Der Beschluss des Bundesverfassungsgerichts, den Streit um die EZB-Hilfsaktionen für Euro-Krisenländer vor den Europäischen Gerichtshof zu bringen, stößt unter Ökonomen und Finanzpolitikern auf Sorge und Ungeduld, berichtet der SPIEGEL in seiner neuen Ausgabe.
"Warum nicht gleich der ganzen Regierungsarbeit ein laufendes Aktenzeichen in Karlsruhe verpassen?", grollt ein Unionsmann. Der Umweg zum EuGH könne die Euro-Rettung auf nicht absehbare Zeit lähmen.
"Stabilität kann nur entstehen, wo Vertrauen besteht", warnt auch Michael Meister, Parlamentarischer Staatssekretär im Bundesfinanzministerium. "Wo in der Euro-Zone offene Rechtsfragen bestehen, kann sich kein Vertrauen bilden."
"Das Verfassungsgericht kommt mit der Komplexität des Themas offenbar nicht zurecht und will die Verantwortung nun auf den EuGH abschieben", sagte Michael Hüther vom arbeitgebernahen Institut der deutschen Wirtschaft Köln. Der Ökonom hält das ganze Verfahren in Karlsruhe für falsch. "Die Diskussion darüber, ob die EZB Staatsanleihen kaufen darf, sollten wir nicht vor Gericht führen", so Hüther.
Der Präsident des Deutschen Instituts für Wirtschaftsforschung, Marcel Fratzscher, sieht das genauso: "Eine Zentralbank muss geldpolitisch unbegrenzt handeln können. Wird dieses Recht beschränkt, unterhöhlt das ihre Glaubwürdigkeit." Mit seiner Entscheidung schaffe das Verfassungsgericht neue Unsicherheit, weil sich künftig bei vielen geldpolitischen Maßnahmen die Frage stellen könnte, ob sie eine Klagemöglichkeit in Karlsruhe eröffneten.

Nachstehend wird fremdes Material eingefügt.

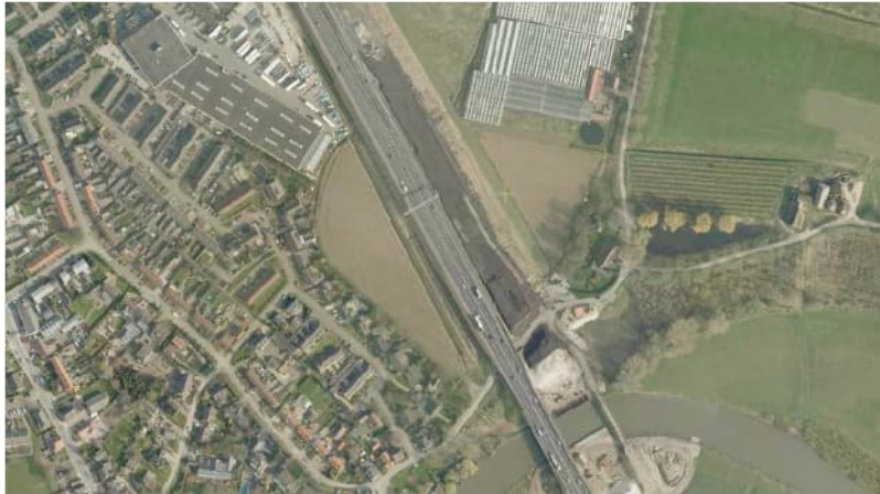
Figuur 4.2 Luchtfoto 2008, A2 aanleg brug over de Linge
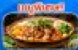
สุกี้ไก่
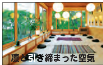
涙と目を癒した空気

Wie gefährlich die Kollision von Markt und Recht zumindest für die Märkte ist, sieht auch der Rechtsprofessor Udo di Fabio, der als Verfassungsrichter federführend für das Lissabon-Urteil gewesen ist. Es sei natürlich "schwierig" für den EZB-Chef, mit so einer Situation umzugehen: "Er hat eine Riesenwaffe angekündigt, und jetzt fangen die Gerichte an, über deren Einsatzbedingungen zu diskutieren."

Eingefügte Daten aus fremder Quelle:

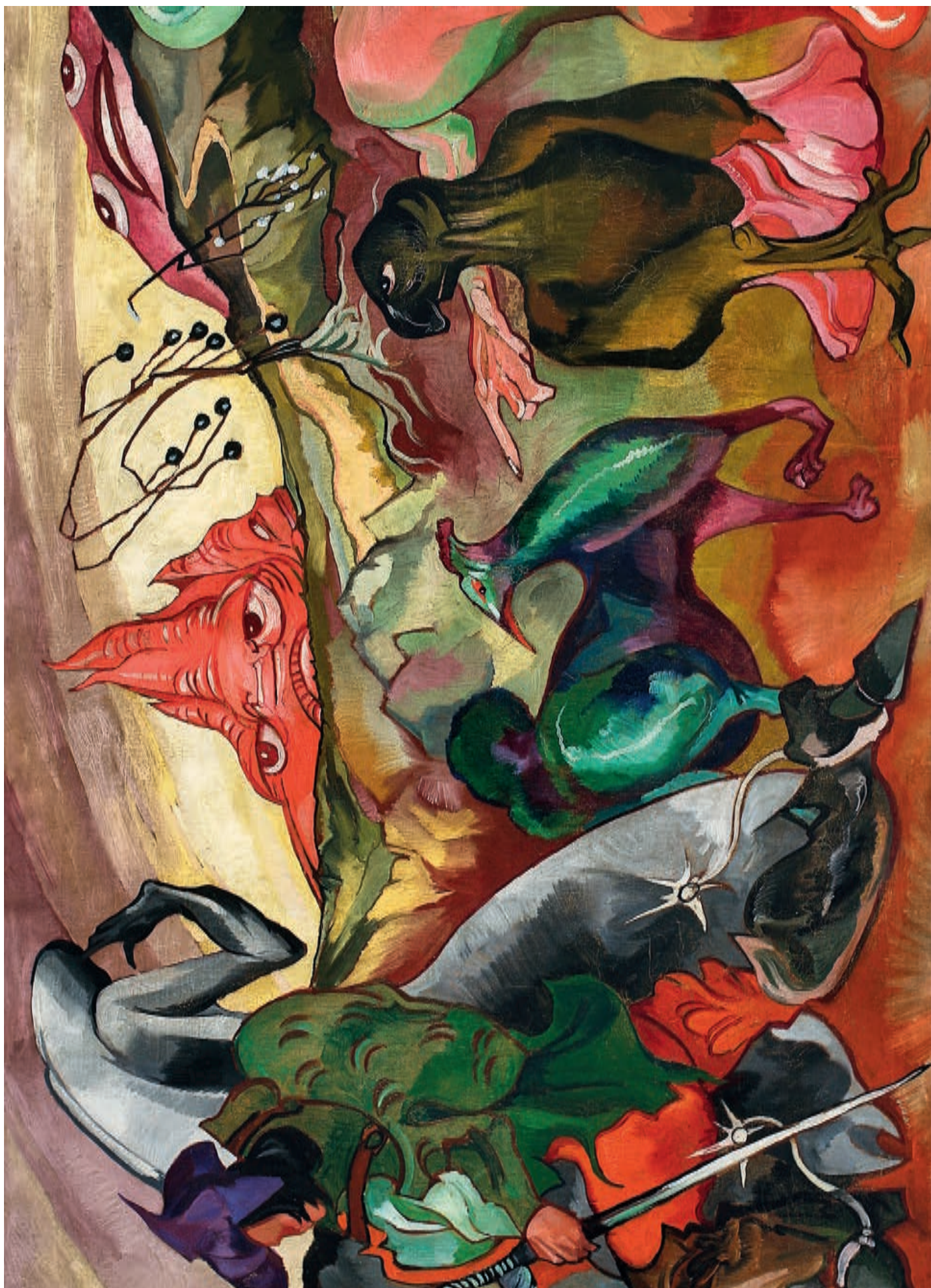
Bajka – fantazja, fragment, 1921–1922, olej, 74,5 × 150 cm Fantasy – Fairy Tale, fragment, 1921–1922, oil, 74.5 × 150 cm

Dagegen lobte die Anti-Euro-Partei Alternative für Deutschland (AfD) den Karlsruher Beschluss. "Ich bin äußerst erfreut darüber", sagte AfD-Chef Bernd Lucke. "Endlich ist höchstrichterlich festgestellt, dass das Anleihekauf-Programm der EZB ein klarer Bruch des Europarechts ist." Diese Karlsruher Entscheidung sei eine "wichtige Schützenhilfe für den Wahlkampf".